Adding Provenance to a Table
Before ProvSQL can track provenance, the extension must be loaded and provenance must be enabled on each relevant table. ProvSQL represents provenance as a circuit of gates following the model of [Deutch et al., 2014].
Loading the Extension
In every database where you want provenance support:
CREATE EXTENSION provsql CASCADE;
The CASCADE option installs the required uuid-ossp dependency
automatically.
To call ProvSQL functions without the provsql. prefix, add provsql
to the search path at the start of each session:
SET search_path TO public, provsql;
To make this permanent for a specific database:
ALTER DATABASE mydb SET search_path TO public, provsql;
Most examples in this documentation omit the provsql. prefix, assuming
provsql is in the search path.
Disabling Provenance Temporarily
Setting provsql.active to off makes ProvSQL silently drop all
provenance annotations for the current session, as if the extension were
not loaded:
SET provsql.active = off;
This is useful for running queries without provenance overhead while keeping the extension installed. See Configuration Reference for all configuration variables.

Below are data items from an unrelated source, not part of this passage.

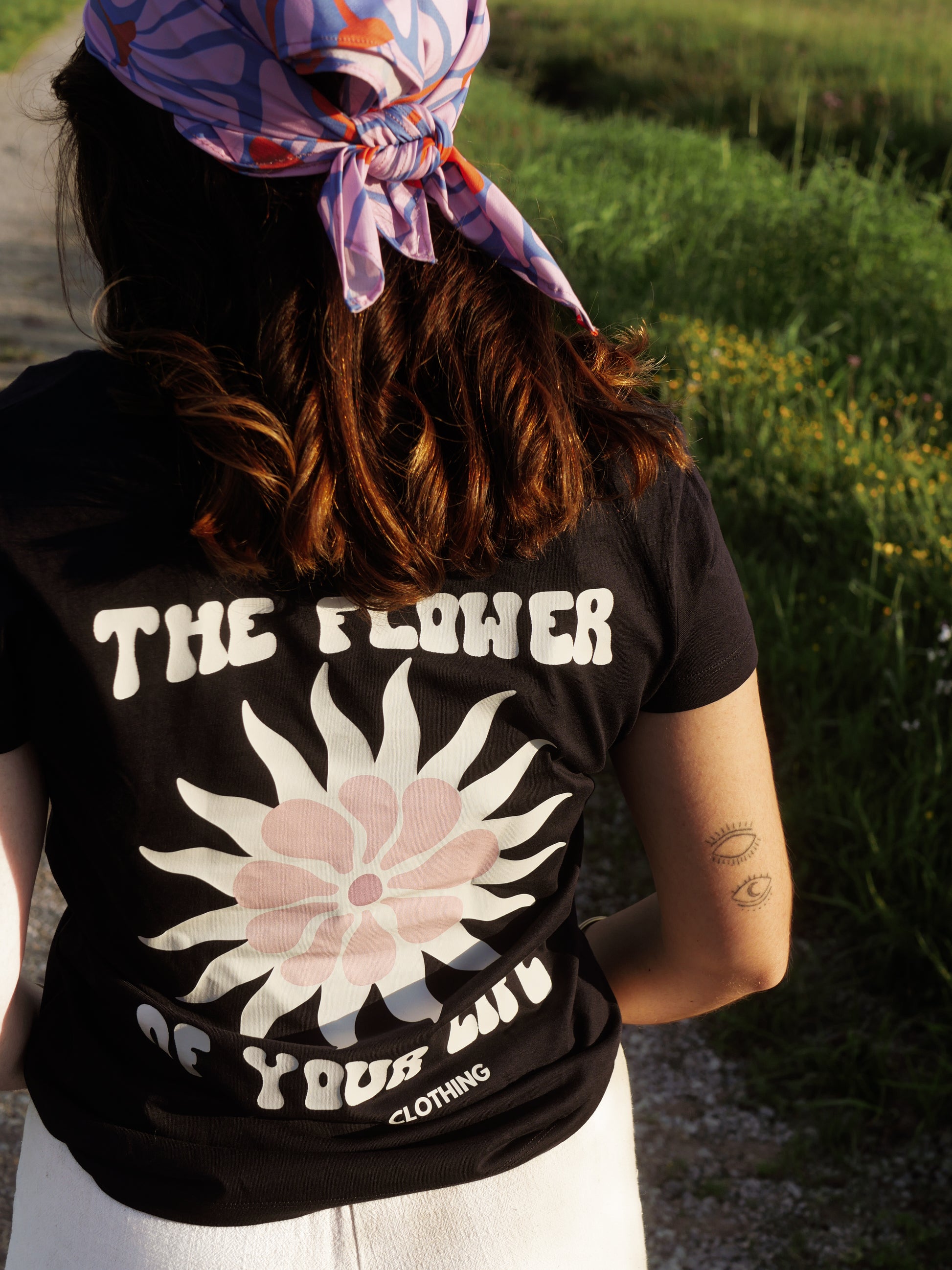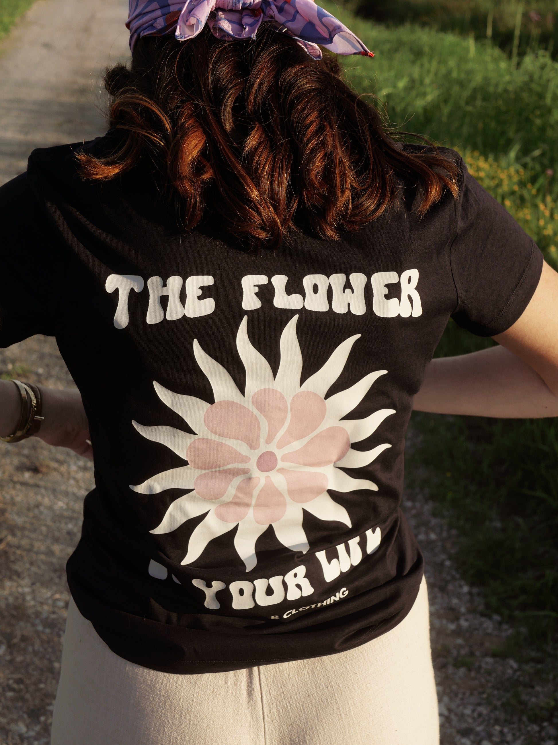 Le dos de ce t-shirt dévoile une grosse fleur pleine de vie, accompagnée du texte "The flower of your life" (traduction en français : la fleur de ta vie). Un joli rappel que chaque instant de notre vie est une fleur précieuse, qu’il faut cultiver et apprécier pleinement.
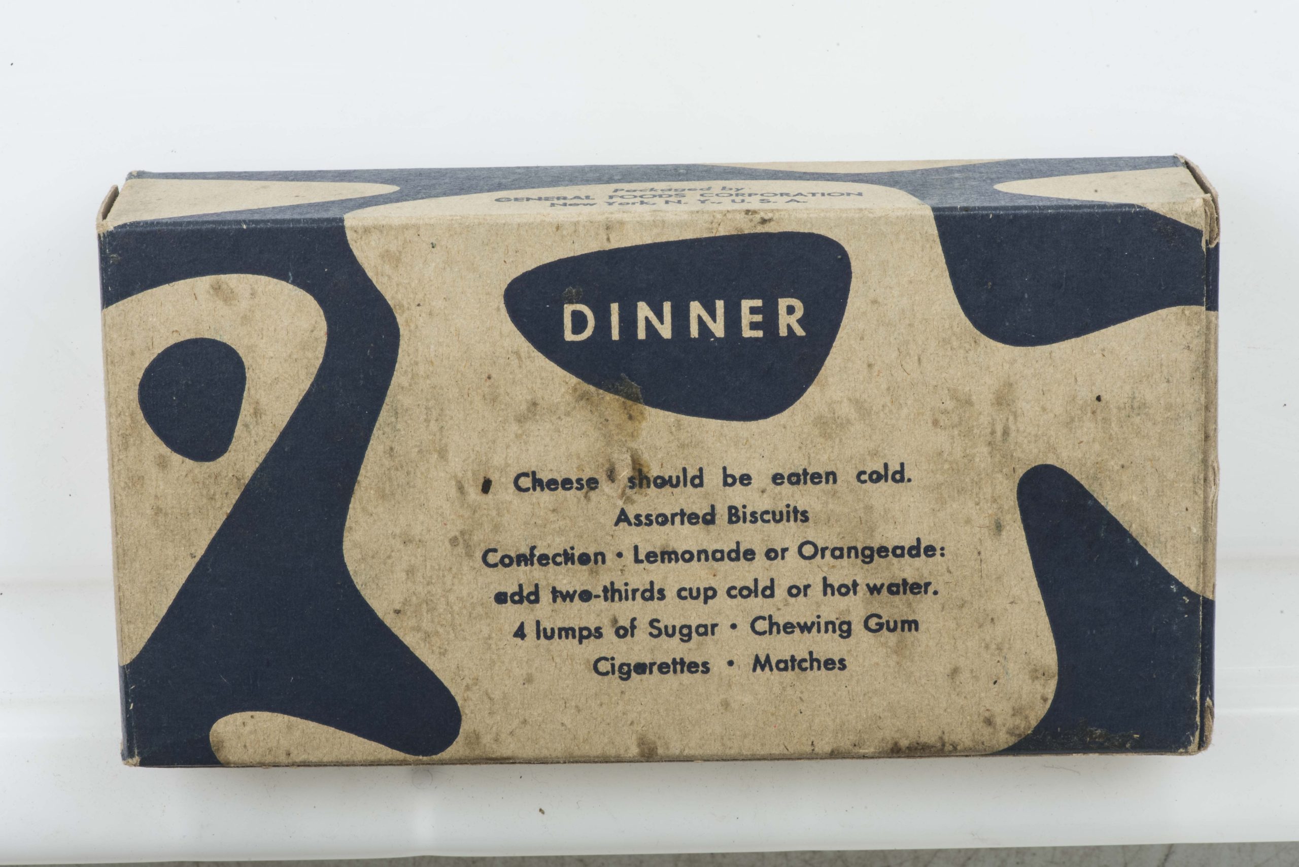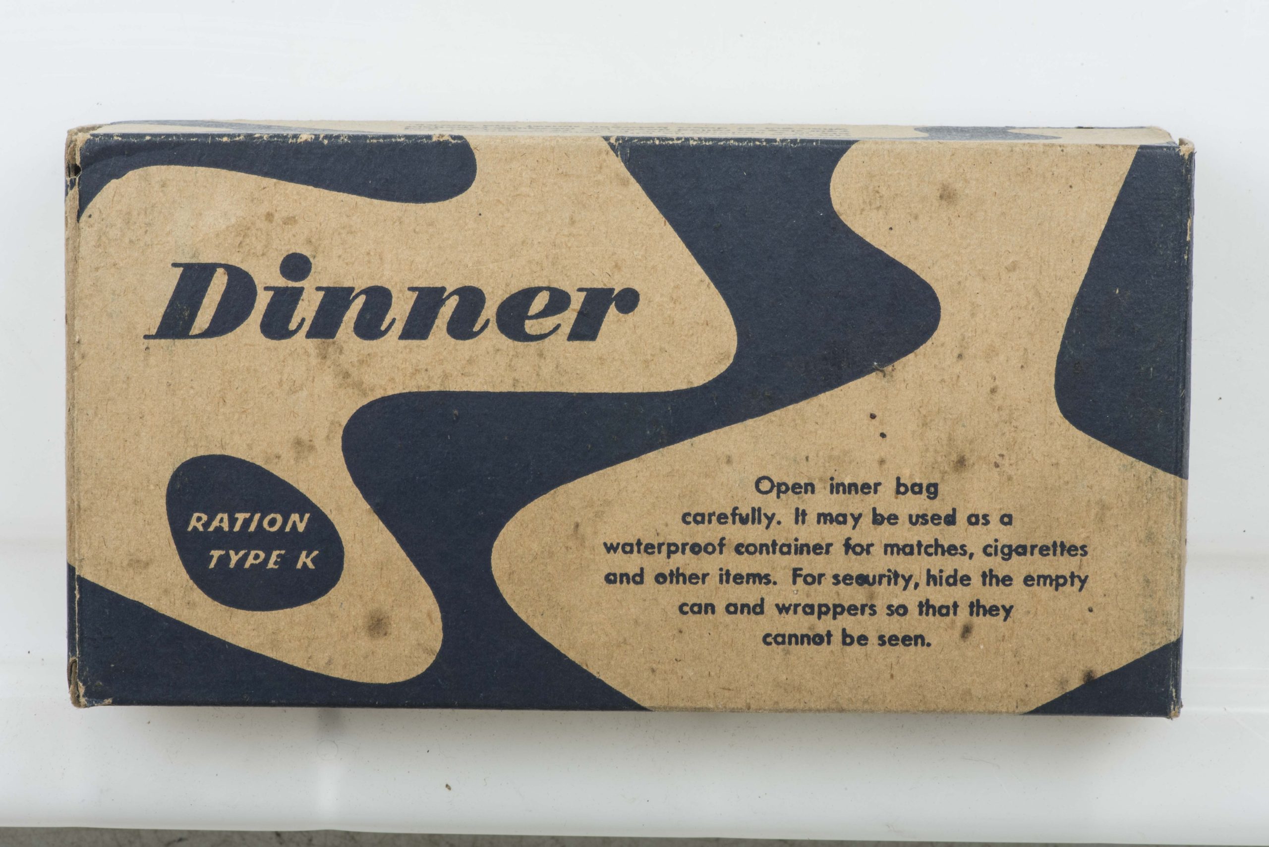 US K-Ration, Dinner in good condition. As far as I can tell it is still complete except for the contents of the small tin which is in my opinion a post war filler. None the less a very nice and hard to find piece!
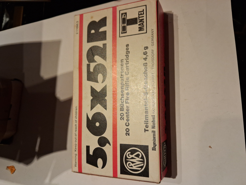 Hallo Servus, verkaufe hier für einen 90 Jährigen Freund, Jäger Schützenkameraden seine RWS Munition 5,6x 52R 20Stück , Teilmenge-S-Geschoss, Siehe Bilder Privatverkauf keine Garantie oder Rückgabe!
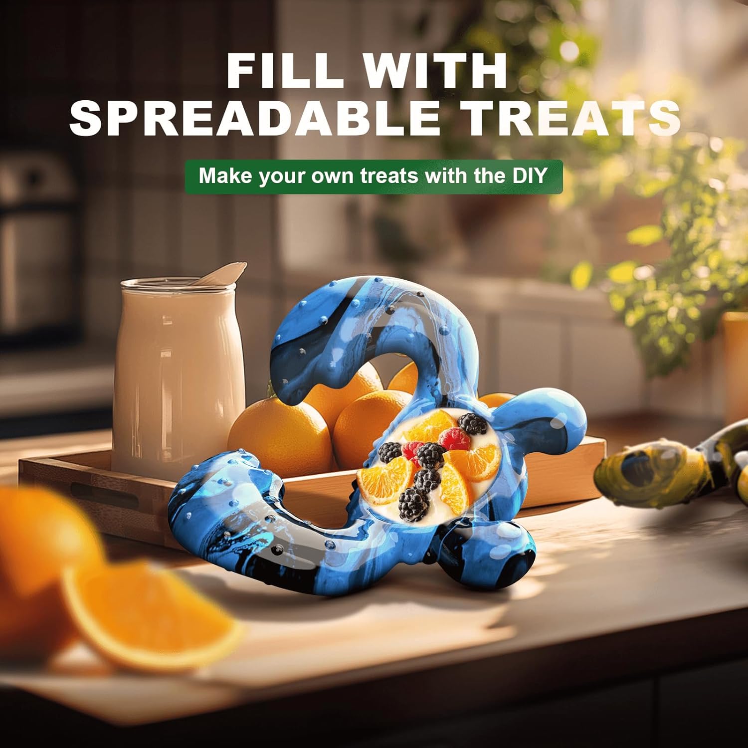 - Great for Indoor Play or Treat Dispensing - Add peanut butter or frozen yogurt in grooves to boost solo play. Perfect for indoor use.
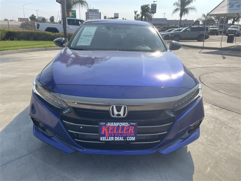 Adaptive Cruise Control: Adaptive Cruise Control (ACC) with Low-Speed Follow, Apple CarPlay/Android Auto, Bumpers: body-color, Exterior Parking Camera Rear, Forward collision: Collision Mitigation Braking System (CMBS) + FCW mitigation, Heated door mirrors, Heated Front Bucket Seats, Heated front seats, Lane Departure Warning System, Passenger door bin, Power door mirrors, Spoiler, Wheels: 19" Machine-Finished Alloy w/Black Inserts. Odometer is 1719 miles below market average! 29/35 City/Highway MPG Blue 1.5T I4 DOHC 16V Turbocharged VTEC 2022 Honda Accord 4D Sedan FWD Sport Special Edition
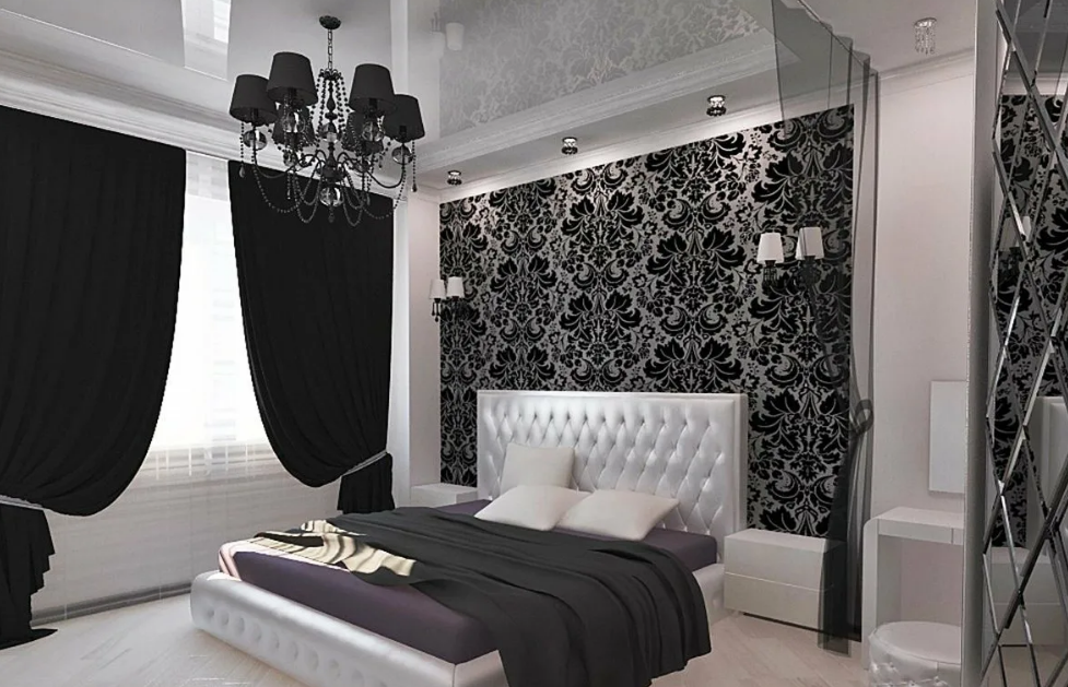 Черные обои привлекают внимание и придают комнате определенную атмосферу. Если же поклеить обои с черно-белым рисунком, то удастся взять лучшее от обоих цветов
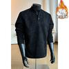 Men's Retro Plus Velvet Velour Hoodie - Autumn/Winter Henley Style, Clean Fit Twill Base Layer
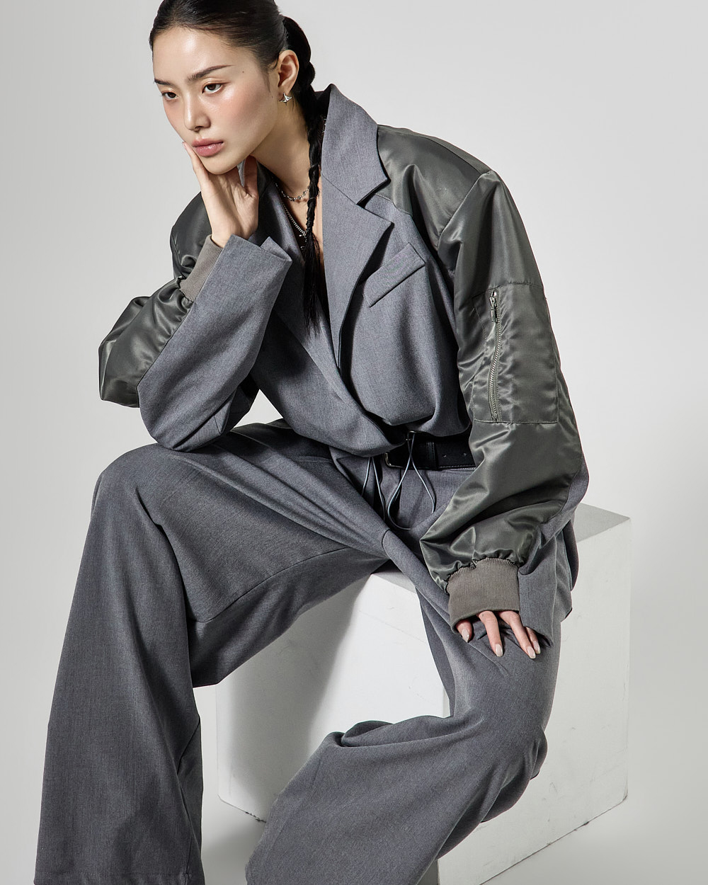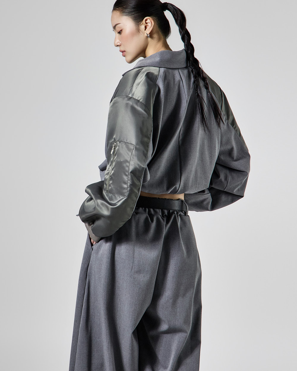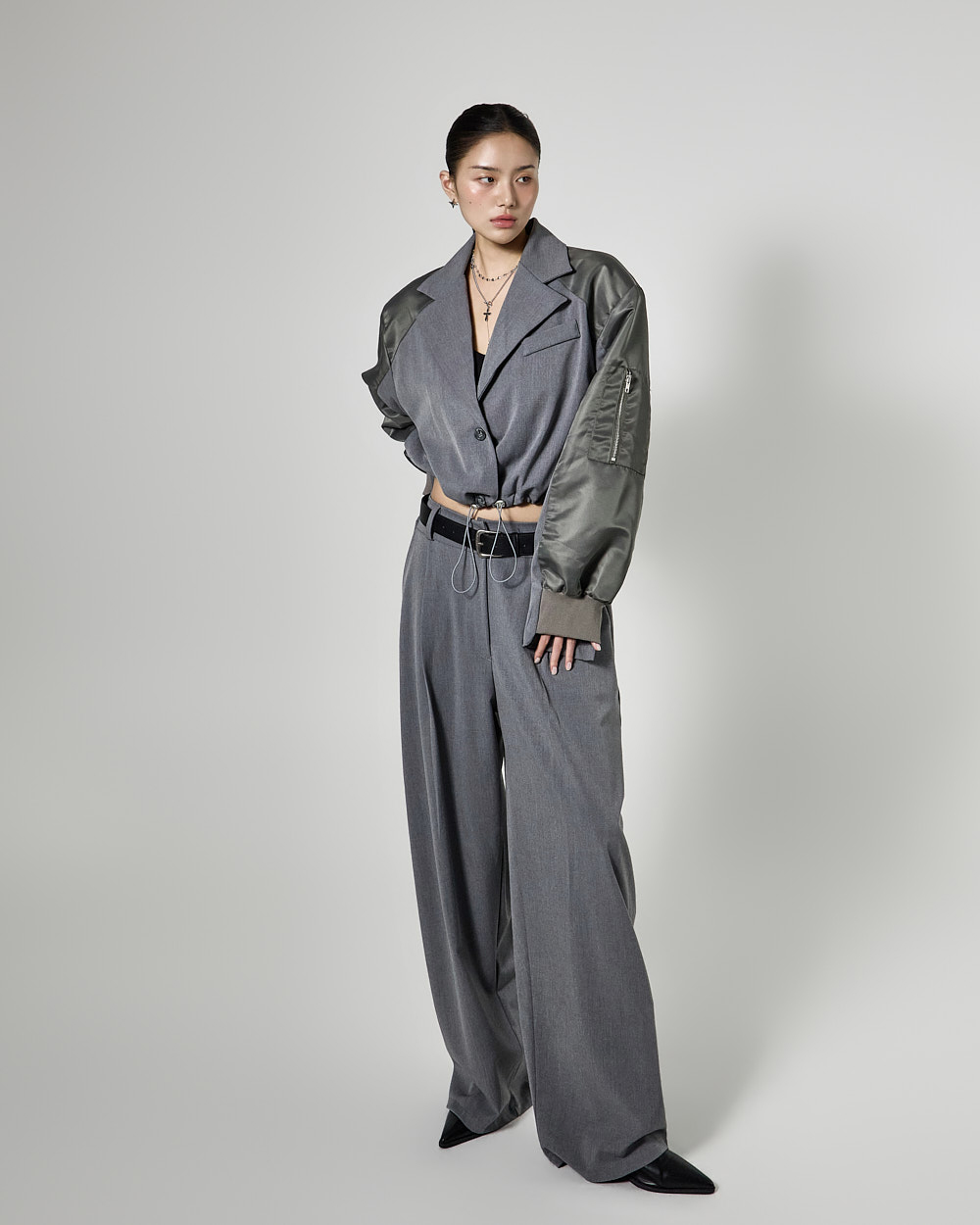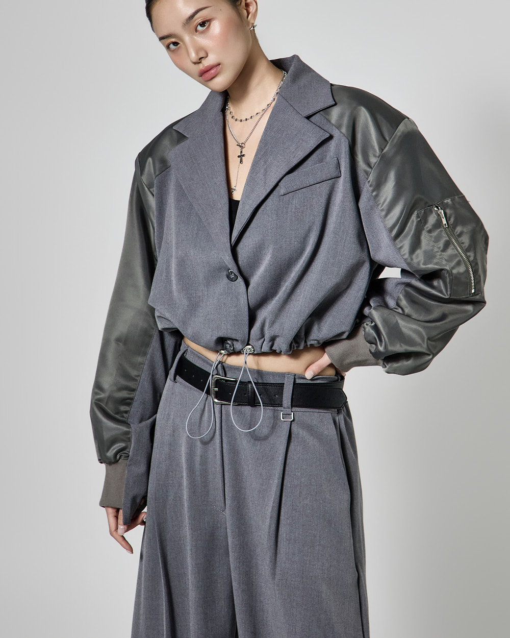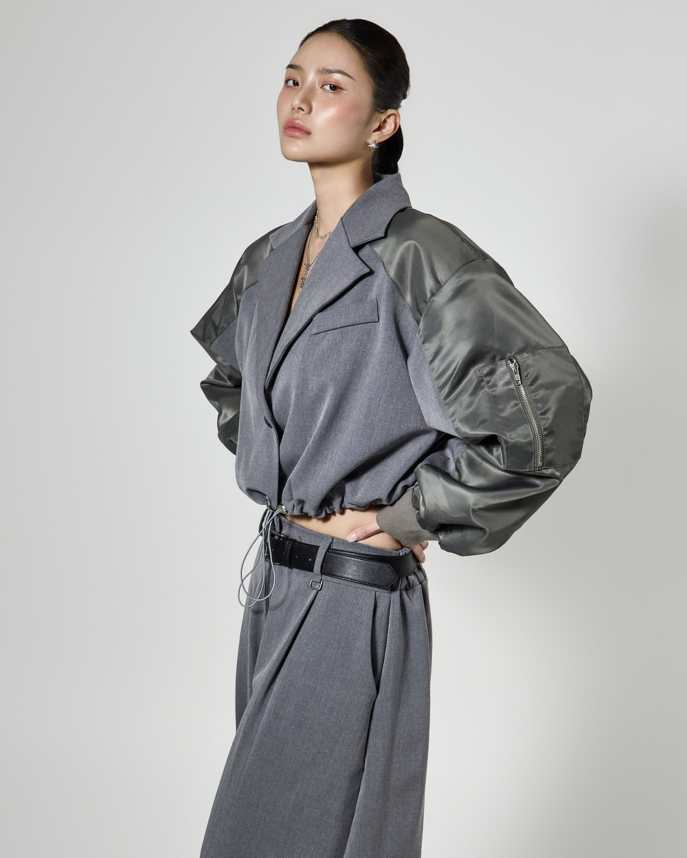 항공 블루종을 믹스한 크롭 자켓은

Enabling Provenance on a Table
Use add_provenance to add provenance tracking to an existing table:
SELECT provsql.add_provenance('mytable');
This adds a hidden provsql column of type uuid to the table. Each
row receives a freshly generated UUID that identifies a leaf (input) gate
in the provenance circuit.
After enabling provenance, every query that reads from mytable will
automatically carry provenance annotations in its result set.
The table is recorded as TID (tuple-independent) in ProvSQL’s
per-database metadata store. repair_key (see
Probabilities) re-registers it as BID with the chosen
block-key columns. This classification is consulted by the
safe-query rewriter (the provsql.boolean_provenance opt-in
optimisation, see Probabilities) to verify that any
projection it introduces preserves the table’s block-key alignment.
Note
add_provenance must be called on the base table, not on a view.
Accessing the Provenance Token
The provsql column is intentionally opaque – it is silently removed
from WHERE or ORDER BY clauses. To refer to the current row’s
provenance token, use the provenance() function:
SELECT name, provenance() FROM mytable;
Within a query result, the provsql attribute carries a UUID value that represents the
provenance circuit gate for that tuple.
Removing Provenance
To stop tracking provenance for a table (and drop the provsql column),
use remove_provenance:
SELECT provsql.remove_provenance('mytable');
Provenance Mappings
A provenance mapping associates provenance tokens with values from a table
column. Mappings are the bridge between abstract circuit tokens and
domain-meaningful labels used by semiring evaluation functions.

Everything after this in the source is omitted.